Directions:
In your answer, transcribe all of the data exactly.

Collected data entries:
★ ★ ★ ★ ★
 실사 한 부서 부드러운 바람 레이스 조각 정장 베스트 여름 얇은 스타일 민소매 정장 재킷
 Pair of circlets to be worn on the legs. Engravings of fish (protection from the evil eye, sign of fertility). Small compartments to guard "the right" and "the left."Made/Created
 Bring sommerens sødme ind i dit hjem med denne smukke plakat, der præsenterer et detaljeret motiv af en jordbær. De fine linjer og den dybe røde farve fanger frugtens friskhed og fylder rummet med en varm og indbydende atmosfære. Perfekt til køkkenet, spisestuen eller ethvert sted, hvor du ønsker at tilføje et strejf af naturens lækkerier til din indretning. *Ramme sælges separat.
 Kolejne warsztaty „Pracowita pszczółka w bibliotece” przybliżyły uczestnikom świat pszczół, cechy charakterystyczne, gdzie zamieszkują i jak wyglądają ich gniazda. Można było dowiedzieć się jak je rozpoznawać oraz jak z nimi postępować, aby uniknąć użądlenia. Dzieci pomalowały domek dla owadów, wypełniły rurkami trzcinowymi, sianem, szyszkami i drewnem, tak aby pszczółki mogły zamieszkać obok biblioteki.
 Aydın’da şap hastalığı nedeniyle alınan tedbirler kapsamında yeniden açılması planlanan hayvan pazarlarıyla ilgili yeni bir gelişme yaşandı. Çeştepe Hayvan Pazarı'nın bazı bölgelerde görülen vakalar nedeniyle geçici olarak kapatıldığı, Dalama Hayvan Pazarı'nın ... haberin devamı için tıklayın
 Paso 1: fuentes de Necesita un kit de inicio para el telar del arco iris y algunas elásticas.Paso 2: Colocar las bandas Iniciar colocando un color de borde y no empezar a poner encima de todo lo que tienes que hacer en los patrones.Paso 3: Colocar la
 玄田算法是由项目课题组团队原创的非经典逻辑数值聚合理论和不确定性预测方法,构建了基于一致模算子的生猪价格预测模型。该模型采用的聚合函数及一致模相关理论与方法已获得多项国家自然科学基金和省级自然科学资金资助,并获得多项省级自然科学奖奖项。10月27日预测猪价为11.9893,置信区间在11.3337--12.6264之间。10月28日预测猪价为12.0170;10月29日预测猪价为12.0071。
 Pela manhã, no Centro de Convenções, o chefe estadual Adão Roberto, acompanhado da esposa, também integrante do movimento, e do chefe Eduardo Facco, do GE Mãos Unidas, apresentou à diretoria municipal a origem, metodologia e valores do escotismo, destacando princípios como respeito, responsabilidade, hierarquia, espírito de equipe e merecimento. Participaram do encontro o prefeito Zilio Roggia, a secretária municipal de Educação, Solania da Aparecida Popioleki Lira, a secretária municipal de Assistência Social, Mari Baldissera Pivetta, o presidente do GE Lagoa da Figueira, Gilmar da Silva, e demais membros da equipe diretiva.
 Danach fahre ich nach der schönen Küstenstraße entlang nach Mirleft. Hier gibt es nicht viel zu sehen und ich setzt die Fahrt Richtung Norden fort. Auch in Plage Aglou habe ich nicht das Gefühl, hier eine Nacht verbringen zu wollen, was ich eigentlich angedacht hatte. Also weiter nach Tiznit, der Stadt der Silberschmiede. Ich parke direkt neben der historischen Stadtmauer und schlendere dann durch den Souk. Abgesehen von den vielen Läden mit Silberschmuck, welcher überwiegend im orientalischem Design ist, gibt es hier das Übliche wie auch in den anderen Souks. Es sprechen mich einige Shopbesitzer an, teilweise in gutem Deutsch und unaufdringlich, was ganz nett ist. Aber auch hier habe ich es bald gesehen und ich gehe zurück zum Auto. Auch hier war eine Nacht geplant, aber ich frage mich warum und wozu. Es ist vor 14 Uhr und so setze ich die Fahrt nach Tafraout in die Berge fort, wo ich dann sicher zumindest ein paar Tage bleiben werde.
★ ★ ★ ★ ★
Result for this exercise:
 실사 한 부서 부드러운 바람 레이스 조각 정장 베스트 여름 얇은 스타일 민소매 정장 재킷
 Pair of circlets to be worn on the legs. Engravings of fish (protection from the evil eye, sign of fertility). Small compartments to guard "the right" and "the left."Made/Created
 Bring sommerens sødme ind i dit hjem med denne smukke plakat, der præsenterer et detaljeret motiv af en jordbær. De fine linjer og den dybe røde farve fanger frugtens friskhed og fylder rummet med en varm og indbydende atmosfære. Perfekt til køkkenet, spisestuen eller ethvert sted, hvor du ønsker at tilføje et strejf af naturens lækkerier til din indretning. *Ramme sælges separat.
 Kolejne warsztaty „Pracowita pszczółka w bibliotece” przybliżyły uczestnikom świat pszczół, cechy charakterystyczne, gdzie zamieszkują i jak wyglądają ich gniazda. Można było dowiedzieć się jak je rozpoznawać oraz jak z nimi postępować, aby uniknąć użądlenia. Dzieci pomalowały domek dla owadów, wypełniły rurkami trzcinowymi, sianem, szyszkami i drewnem, tak aby pszczółki mogły zamieszkać obok biblioteki.
 Aydın’da şap hastalığı nedeniyle alınan tedbirler kapsamında yeniden açılması planlanan hayvan pazarlarıyla ilgili yeni bir gelişme yaşandı. Çeştepe Hayvan Pazarı'nın bazı bölgelerde görülen vakalar nedeniyle geçici olarak kapatıldığı, Dalama Hayvan Pazarı'nın ... haberin devamı için tıklayın
 Paso 1: fuentes de Necesita un kit de inicio para el telar del arco iris y algunas elásticas.Paso 2: Colocar las bandas Iniciar colocando un color de borde y no empezar a poner encima de todo lo que tienes que hacer en los patrones.Paso 3: Colocar la
 玄田算法是由项目课题组团队原创的非经典逻辑数值聚合理论和不确定性预测方法,构建了基于一致模算子的生猪价格预测模型。该模型采用的聚合函数及一致模相关理论与方法已获得多项国家自然科学基金和省级自然科学资金资助,并获得多项省级自然科学奖奖项。10月27日预测猪价为11.9893,置信区间在11.3337--12.6264之间。10月28日预测猪价为12.0170;10月29日预测猪价为12.0071。
 Pela manhã, no Centro de Convenções, o chefe estadual Adão Roberto, acompanhado da esposa, também integrante do movimento, e do chefe Eduardo Facco, do GE Mãos Unidas, apresentou à diretoria municipal a origem, metodologia e valores do escotismo, destacando princípios como respeito, responsabilidade, hierarquia, espírito de equipe e merecimento. Participaram do encontro o prefeito Zilio Roggia, a secretária municipal de Educação, Solania da Aparecida Popioleki Lira, a secretária municipal de Assistência Social, Mari Baldissera Pivetta, o presidente do GE Lagoa da Figueira, Gilmar da Silva, e demais membros da equipe diretiva.
 Danach fahre ich nach der schönen Küstenstraße entlang nach Mirleft. Hier gibt es nicht viel zu sehen und ich setzt die Fahrt Richtung Norden fort. Auch in Plage Aglou habe ich nicht das Gefühl, hier eine Nacht verbringen zu wollen, was ich eigentlich angedacht hatte. Also weiter nach Tiznit, der Stadt der Silberschmiede. Ich parke direkt neben der historischen Stadtmauer und schlendere dann durch den Souk. Abgesehen von den vielen Läden mit Silberschmuck, welcher überwiegend im orientalischem Design ist, gibt es hier das Übliche wie auch in den anderen Souks. Es sprechen mich einige Shopbesitzer an, teilweise in gutem Deutsch und unaufdringlich, was ganz nett ist. Aber auch hier habe ich es bald gesehen und ich gehe zurück zum Auto. Auch hier war eine Nacht geplant, aber ich frage mich warum und wozu. Es ist vor 14 Uhr und so setze ich die Fahrt nach Tafraout in die Berge fort, wo ich dann sicher zumindest ein paar Tage bleiben werde.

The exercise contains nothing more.